In 2012, Professor Kasher asked a number of us who engage in philosophy to discuss what it would be like to create a contemporary Jewish code of ethics for the military.  Without any prior consultation, Michael Walzer, Professor Emeritus at the Institute of Advanced Study in Princeton, New Jersey, and I both began our presentations by acknowledging what is noted above – that Jewish laws of war are either too old or too young to constitute a firm basis for a code of war ethics now. In light of that, he suggested that we do what Jews have done in many other areas of life where there are no Jewish sources on point or where the Jewish sources that exist come from an era markedly different from the present one – namely, we borrowed from other contemporary culture. Jewish business law in the Mishnah and Talmud, for example, heavily borrow from Roman business law at the time. Professor Walzer therefore suggested that Israel and Jews generally look to just war theory, developed primarily by Catholics, as the basis of a contemporary Jewish ethic of war. 

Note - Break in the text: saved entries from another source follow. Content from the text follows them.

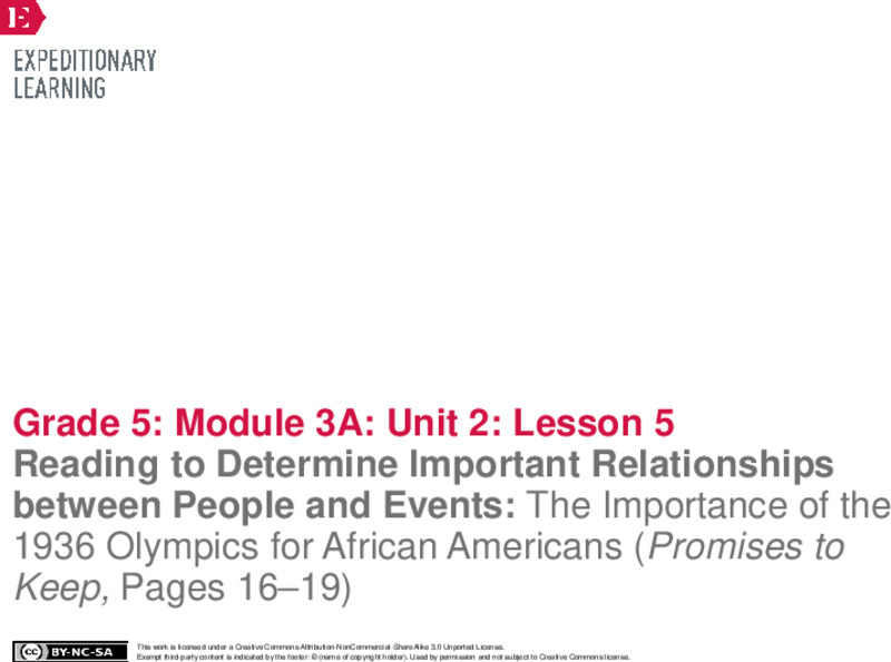 This Reading to Determine Important Relationships between People and Events: The Importance of the 1936 Olympics for African Americans (Promises to Keep, Pages 16–19) lesson plan also includes: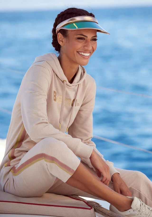 Caprihose von Bench mit Kontraststreifen. Tunnelzugbund und Eingrifftaschen. Kleiner Logoprint. Figurnahe Passform. Von innen weich angeraute Sweatqualität.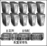 IBM的蓝云计算平台由数据中心、IBM Tivoli配置管理器、IBM Tivoli Monitoring、IBM Websphere应用服务器、IBM DB2和虚拟组件构成。所有的请求都由Web 2.0组件来处理。然后转发到Tivoli配置管理器,进行服务器的分配或解除分配。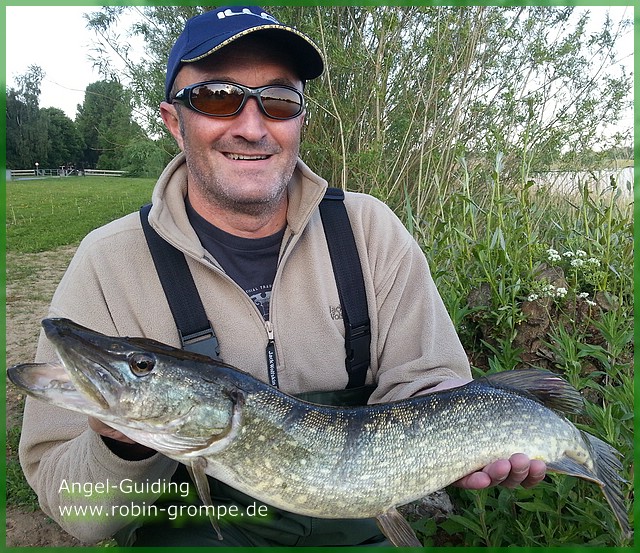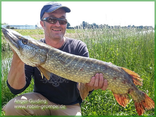 Eine halbe Stunde später setzte er noch ein drauf. Ein auf Sicht angeworfener Meterfisch drehte sich zu seinem Köder und packte zu. Bääääääms.....----Unglaublich!! Sein zweiter Hecht mit 1,09m Länge!!! :o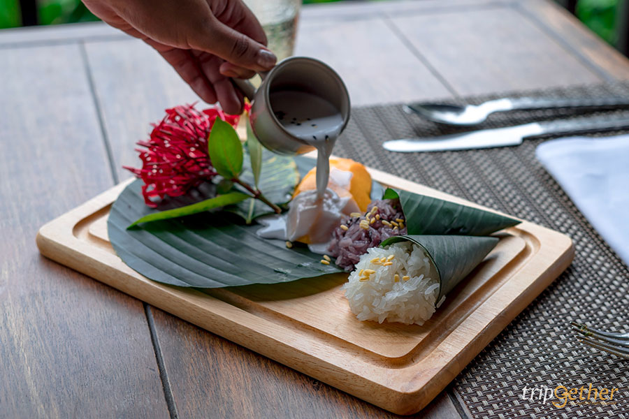 ปิดท้ายด้วยของหวาน ข้าวเหนียวมะม่วง เสิร์ฟมะม่วงหวานฉ่ำ พร้อมข้าวเหนียวสองสีและน้ำกะทิรสชาติกลมกล่อม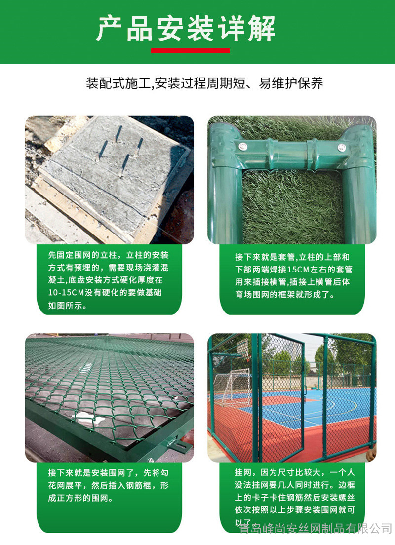 運(yùn)動(dòng)場圍網(wǎng)優(yōu)點(diǎn):具有防腐、防老化、抗曬、耐候、色彩鮮亮、網(wǎng)面平整,強(qiáng)力張緊,不易受外力撞擊變形、現(xiàn)場施工安裝、靈活性強(qiáng),可根據(jù)現(xiàn)場要求隨時(shí)調(diào)整造型和尺寸。運(yùn)動(dòng)場圍欄網(wǎng)具有產(chǎn)品色彩鮮亮、規(guī)格齊全的特點(diǎn)。

With the same lack of on-point guidance from earlier sources in mind, I instead suggested that we engage in "depth theology" to create a new Jewish ethic of war -- that is, that we identify the foundational perceptions and convictions about God, human beings, and war and then apply them to create a contemporary Jewish ethic of war. 

Professor Kasher, who at the time was also Editor of the journal Philosophia, liked them both so much that he had them published in that journal. Professor Walzer’s paper is available here: https://link.springer.com/article/10.1007/s11406-012-9390-5

Mine is available here: https://link.springer.com/article/10.1007/s11406-012-9391-4

For comparison, the American armed forces’ Code of Conduct is available here:

https://www.ausa.org/code-conduct

War by its very nature presents very difficult moral issues, and we need every source of guidance we can get in trying to make thoughtful decisions about when to go to war and how to conduct it. We honor those who fought for our country in the past and do so now by thinking deeply about which wars to wage and how to wage them.